Ironically happiness often escapes the rich and arrogant, but makes its home with the poor, the humble, and the rich and humble. Oddly, it’s one thing that doesn’t, “follow the money.”

October 4, 2020

For thinking this week…….

by Rod Smith

I invite you to think about the following this week. Respond, please, offering your ideas: 

There is beauty and brutality interwoven in every individual life and into every family. Thankfully the everpresent beauty – if you have eyes for it – softens the brutality making it easier to bear.

Forgive everyone everything everytime. But, know what to forgive and to remember. Know what to forget. Remembering can become a guide so past hurtful situations are not repeated. 
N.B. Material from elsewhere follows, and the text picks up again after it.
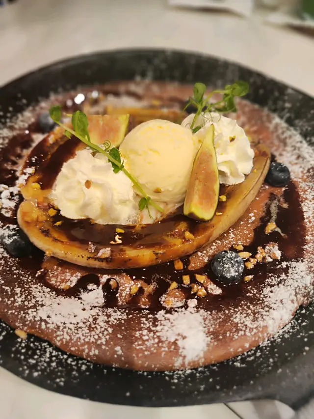 pancake薄薄地,脆脆地,加上香甜嘅脆糖香蕉和朱古力碎,味道真係好夾😻
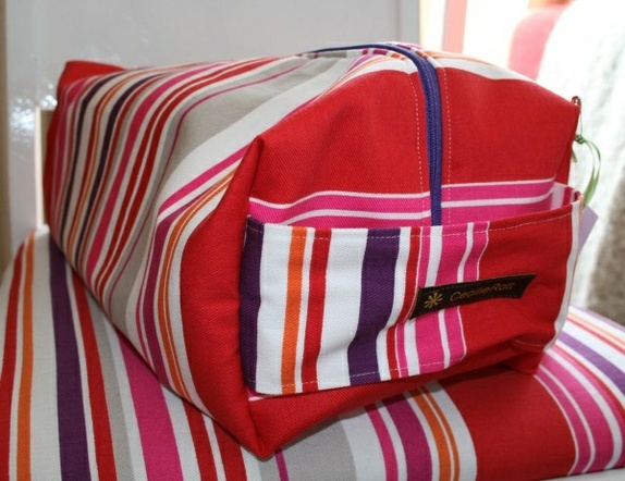 Strikkemappe med romdeler og hull til tråden, så kan du ha strikketøy i det enerommet og garn i den andre. Lukkes med glidelås og bæres i hanken. Enkelt å ta med seg og enkelt å rydde vekk.

Most of us have more possessions than we need. Decide what to keep and treasure and what to give away or sell. A move or two will help most people evaluate what things are worth keeping. This is not really about stuff. It’s about a mindset of simplification, it’s about shredding and shedding. In survival mode we tend to hold onto far more than we need.   

You and I, whatever our age, are getting older. We have options about how we will adjust and what kind of people we will be as this occurs. If we are gracious we will be less inclined to feel entitled and discover a growing and greater sense of gratitude for the way things are, the way things have been, and the joy that awaits us in our advancing years.